Let us now introduce the concept strict complementarity. We start with complementarity, which is a consequence of strong duality. Indeed, suppose that primal (1) and (2) are both feasible. Hence according to LP strong duality, we know there is a primal and dual pair {(x,y)\in \mathbb{R}^n \times \mathbb{R}^n} that are feasible for (1) and (2) respectively, and

\displaystyle  \textbf{strong duality:}\quad 	c^\top x = b^\top y. \ \ \ \ \ (3)

Using the fact {x} is feasible, we know {Ax = b}, hence the above condition is equivalent to

\displaystyle  0 = c^\top x - (Ax) ^\top y =(c- A^\top y)^\top x.	 \ \ \ \ \ (4)

Letting the slack map {z (y) = c-A^\top y}, and using the feasibility {x\geq 0 } and {z(y) = c - A^\top y\geq 0}, we conclude

\displaystyle  \textbf{complementarity:} \quad x_i [z(y) ]_i= 0 \quad \text{for all}\;1\leq i\leq n. \ \ \ \ \ (5)

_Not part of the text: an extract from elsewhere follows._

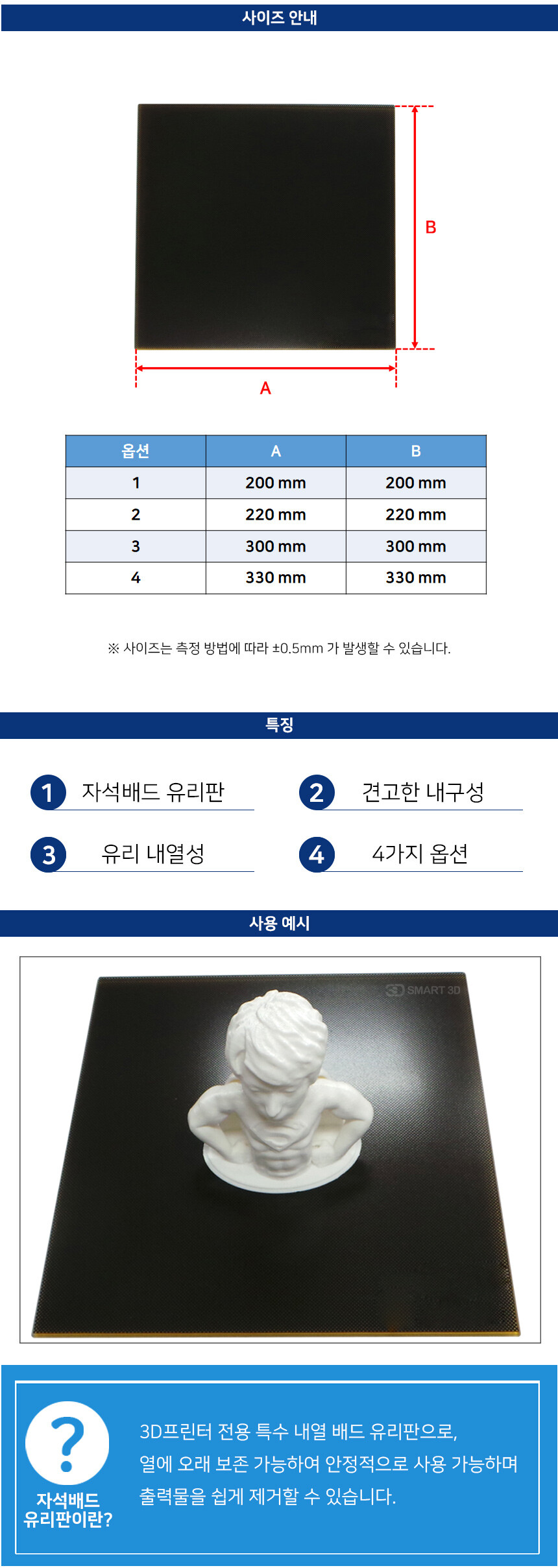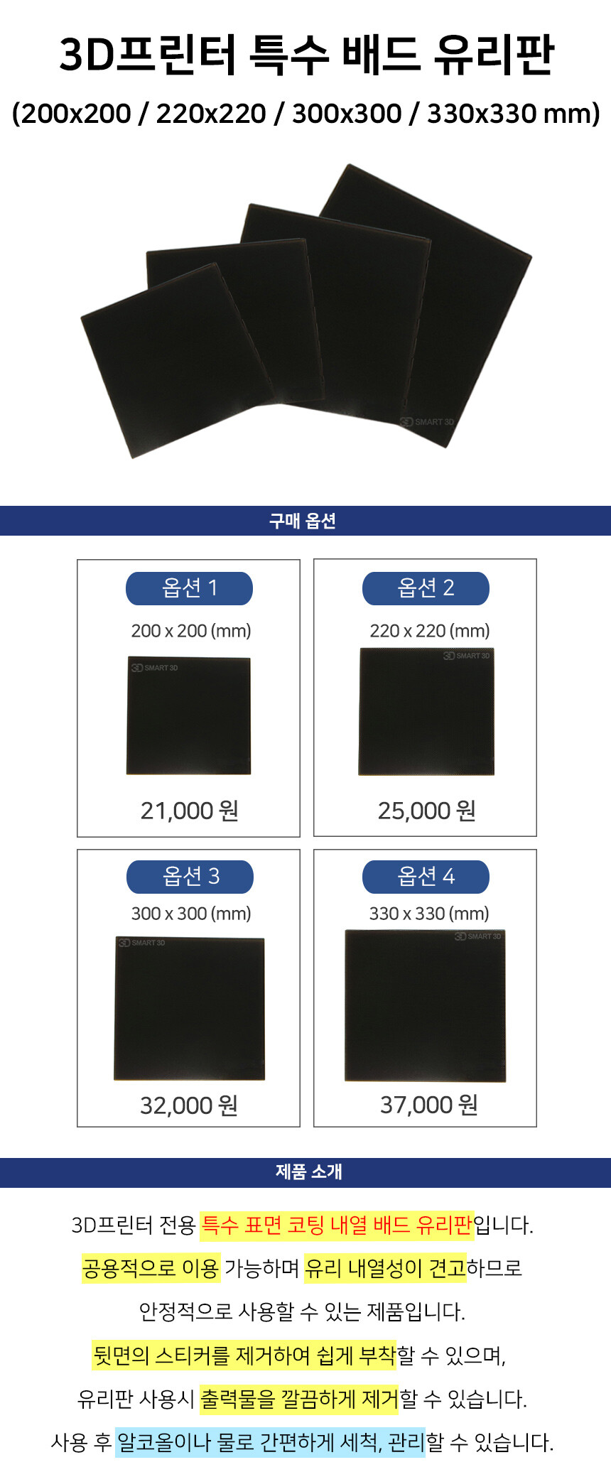 3D프린터 전용 특수 표면 코팅 내열 밑판 배드 유리판 모음

Here {x_i} and {[z(y)]_i} are {i}-th element of {x} and {z(y)} respectively. The above derivation shows that strong duality (3) and complementarity (5) are equivalent for feasible {x} and {y}.

The equality (5) implies that at least one of {x_i} and {[z(y)]_i} has to be {0}. However, it is possible that both term are zero. Strict complementarity, in this context, means that exactly one of {x_i} and {[z(y)]_i} is zero. In another words, strict complementarity means that

\displaystyle  	\textbf{strict complementarity:} \quad \text{for all}\; i \quad x_i = 0 \iff 	[z(y^*)]_i > 0. \ \ \ \ \ (6)

The strict complemetarity theorem for LP states that so long as strong duality holds, then there is always a strict complementary pair, which does not hold in general for convex optimization problems. We give a formal statement below.

Theorem 1 Suppose both (1) and (2) are feasible. Then there is always a feasible pair {(x,y)\in \mathbb{R}^n \times \mathbb{R}^n} such that (1) it is optimal for the primal and dual programs, and (2) it satisfies the strict complementarity condition (6).

We shalll utilize the following lemma to prove Theorem 1.

Lemma 2 Suppose the assumption of Theorem 1 holds. Then for any {1\leq j\leq n}, there either exists an primal optimal {x} s.t. {x_j>0} or there exists an dual optimal {y} such that {[z(y)]_j >0}.

Let us prove Theorem 1

Proof of Theorem 1: From Lemma 2, we know for each {1\leq j\leq n}, either there is an optimal {x^j} such that {x^j_j >0} or there is an optimal {y^j} such that {[z(y^j)]_j >0} but not both due to (5). Hence, we can let {J} be the subset of {\{1,\dots,n\}} consists of {j} such that {x^j} exists with {x^j_j>0}. Consequently, using Lemma 2, we know the complement set {J^c} consists of indices s.t. an optimal {y^j} exists and {[z(y^j)]_j>0}. Then the desired {x} and {y} in (6) can be taken as

\displaystyle  		x = \frac{1}{|J|} \sum_{j\in J} x^j,\quad y = \frac{1}{|J^c|} \sum_{j\in J^c} y^j. 	\ \ \ \ \ (7)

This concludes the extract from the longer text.